This is where to call out areas of the design that require closure before deciding
to implement the design. For instance,
> 1. This requires exposing previously private resources which contain sensitive
information. Can we do this?

## Summary

Once convinced that the Operator SDK is the tool to have to develop your operator, you quickly encounter several points to deal with that are not natively brought through the SDK (we'll talk about that hereafter in details). It also becomes evident, that building an operator with a high capability level can be difficult.


The Operator SDK is sufficiently opened and flexible to let you use your own techniques to do what you want as you want. However, we thought that on some points we would prefer to be more guided and avoid some brainstorming on "how it works/how to do/do we need to do" some code to achieve our goal. However, we'd like too to keep the flexibility and we reject some other operator frameworks more dedicated/specialized to an application domain. Moreover, some code would worth a capitalization shared among other developers.


It's fully normal to have to learn how to use a framework, however we noticed the existence of recommendations/golden rules out there (a repo exists with the code, Red Hat blog, a book, ...) to follow for a great implementation. Okay but this distracted us from our main goal, the application business logic.


A GO module already exists (@Orange) and implements the point addressed here, and we are thinking to deliver the code in the OS community. Its name is OKT.
Important to say, this code does not pretend to fill a gap (we felt it as is) to reach an optimal framework, but it may bring some propositions we would greatly appreciate to discuss with the community.

It is described below through 2 stories to better understand the proposition. To see how it works, we built an example of the Memcached Operator using the OKT library and functionally equal to the original Memcached operator sample (to see later: a second iteration that brings an implementation of the Memcached application life cycle through a state machine managed as a resource).


## Motivation

We worked mainly on an operator for a stateful application and had to deal with:


- the question to detect finely any change in the managed resources by the operator (do not update them unnecessarily)

- the CR Reconciliation's Status to update as recommended
- apply CR finalizations as recommended
- apply success and errors management
- how to handle the application life-cycle states as simple as we can for the developpers and once this application is rolled out in production
- the fact that we are facing a context in wich we are more integrators than pure designers so building re-usable components is important to help maintainability across the team and organization
- ...

Note that it is mainly the first point (fine detection of changes) that puzzled us the more. We also had a look of what Elastic did for the ElasticSearch Operator and attend an inspirational talk from Sebastien Guilloux at Elastic team on this specific subject ([video here](https://www.youtube.com/watch?v=wMqzAOp15wo)). In particularly, it is shown that, in a Reconciliation process, the original methods to compare an "actual" resource vs the "expected" one are not optimal:
- `DeepEqual(expected, actual)` is not great for MetaData and defaulted values)
- a "hard way" consisting in comparaison by kind of fields (sameLabels(), sameAnnotations(),...) is not a great fit for unit tests, and so on...
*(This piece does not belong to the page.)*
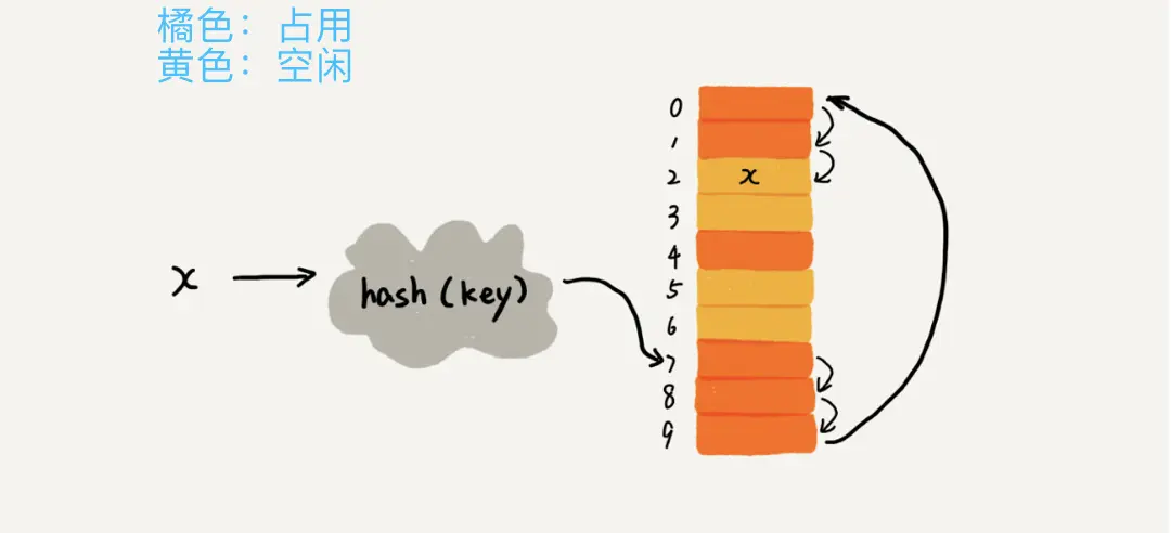 如果出现了散列冲突,就重新探测一个空闲位置,将数据插入(此时散列表中可能需要存储key和value)。简单的探测方法:线性探测(当前位置被占用,就从此往后依次查找,知道有空闲位置)

In term of importance, the second puzzling point is the question around the application life-cycle. It is about the different states a database (or any app) can take once started and how to drive the application life-cycle at this level. The other level being the management of the Kubernetes resources life-cycle, the first need that comes in mind when we think Operator.


So we built a framework (GO module) over the Operator SDK that must be updated as well each time the Operator SDK version is upgraded (thought is is also the case of any operator based on the SDK).


Our expectation now is to evaluate if this GO module presents any insightful concepts, do we make it public and if both previous questions are positive, where is its place, out or inside the Operator SDK ?



### Goals

The goal would be considered reached if :

- the GO operator developer is ensured to respect all golden rules by using the Operator SDK without adding external code, and in simple manner

- the developer can better focus on its application logic and find with this tool many utilities commonly used in an application life cycle management (calling external API, check or control any application state, ...)

- Over the common K8S resources life-cycle management, the SDK brings also a generic way to easily handle any application states (other than these states like "resources created, updated, deleted") but some points like "application started, servicing, healing, unavailable, any possible situation..."

### Non-Goals

Non goals can be all that is already or should be covered by OLM.


## Proposal

### User Stories [optional]

#### Story 1

Here a first use-case simulation.

I want to implement a Kubernetes Operator in GO and it will have to manage 3 resources (ex a Configmap, a Secret and a Deployment).

I want to be aligned with best pratices, so I decide to use the OperatorSDK but I choose to use also the OKT (tell it like this) addon in order to get benefit of the enhanced Reconciliation process, a more straight forward CR status management and finalization, a result utility to trace what happens and prepare the reconciliation response (error + requeueing time).

1. I create a project with the Operator SDK command as usual
2. In my Controller, I choose an OKT Reconciler and add the Reconciliation steps function in which I can see distinctly the standard steps in which I should pass at each reconciliation event (each step below is an entry in an embracing `switch(step) { case "xxx": ... }`:
- **CR Checker** - once the CR is picked up by OKT and validated by webhooks (if any), I can tell here if I have something to do more on my CR
- **ObjectGetter** - Here I will add the code to create my 3, in memory, resources and add them to the OKT's registry of resources (still in memory). However at this stage OKT pick up the resource on the K8S Cluster so it knows if the resource in its registry has an existing peer on the Cluster (or cache).
Copy link
Member

Choose a reason for hiding this comment

The reason will be displayed to describe this comment to others. Learn more.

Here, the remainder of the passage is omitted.